IDH   23901
INSTITUTO DE HUMANIDADES
Unidad Ejecutora - UE
congresos y reuniones científicas
Título:
Music in the Colonial "Republic of Indians": appropriations, resistance, success stories
Autor/es:
LEONARDO J. WAISMAN
Lugar:
Oxford
Reunión:
Seminario; Latin American History Seminar; 2016
Institución organizadora:
University of Oxford
Resumen:
Musicology's interest in Latin American Colonial music started with two foci: pre-Columbian musical practices and instruments (a field restricted by the scarcity of evidence) and cathedral music in the main Spanish settlements.

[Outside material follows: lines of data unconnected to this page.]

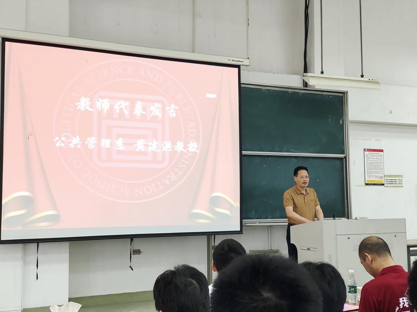 黄建洪教授作为MPA教师代表发言,他对公共管理学科进行了深入阐述,并指出公共管理旨在培养具备管理知识和实践能力的专业人才,其专业涉及面广,在当前社会发展中起着重要作用。同时也希望新生能够打造好学业、职业、家业,在学习中做到人到、心到、行动到,通过精进研究,成为对国家和社会作出贡献的研究生。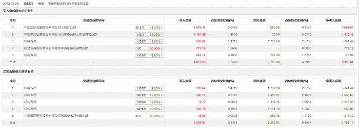 具体来看,机构买入2163.0万元,卖出6128.07万元,合计净卖出3965.07万元。此外,中国银河证券惠州淡水证券营业部、中国国际金融上海分公司分别卖出859.46万元、280.66万元;中国国际金融上海分公司、中国银河证券北京中关村大街证券营业部分别买入1379.47万元、1134.29万元。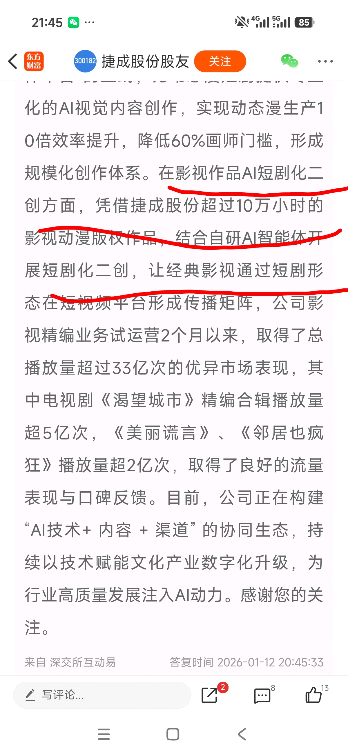 $捷成股份(SZ300182)$ 有版权又支持影视作品二创,核心是版权。其次中文是在小说文字类版权和捷成都是版权类一荣俱荣一损俱损,还看不懂的去小学学学语文阅读理解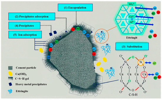 In this study, red mud (RM), coal gangue, fly ash, and cement were used as raw materials. So, the immobilization mechanisms of heavy metals in coal gangue-based cementitious materials can be understood and interpreted based on the typical solidification principles observed in cement-based materials. As shown in Figure 6, the immobilization of heavy metals in cementitious materials is a complex physicochemical process that reduces their mobility through mechanisms including physical encapsulation, chemical reactions, adsorption, and ion exchange [1,13,44,45].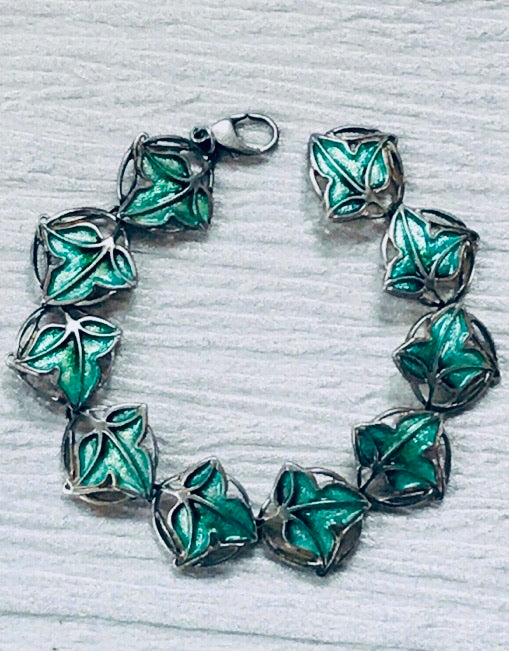 Vintage 925 Signed Silver & Green Enamel Leaf Link Bracelet – marked on backside - 6.25 x 5/8th’s inches – VERY GOOD condition

Recently, attempts have been made and inroads have appeared to widen the scope of inquiry, to cover other areas: smaller musical institutions and secular musical practices in Spanish towns (including the music of black Americans) on one side, and the República de Indios on the other. This was the legal umbrella that covered rural and urban settlements of the aboriginal ethnic groups, subject to laws and customs different from those of the Spaniards. Their musical practices, variously described as worthy of comparison with the best in Europe or as poor and miserable, are worthy of study for their originality, their status as places of (unbalanced) cultural transfers, and the mechanics of their subaltern position. Musical manuscripts and verbal documents discovered in the last decades give us an opportunity to glimpse at this interesting and multifarious world.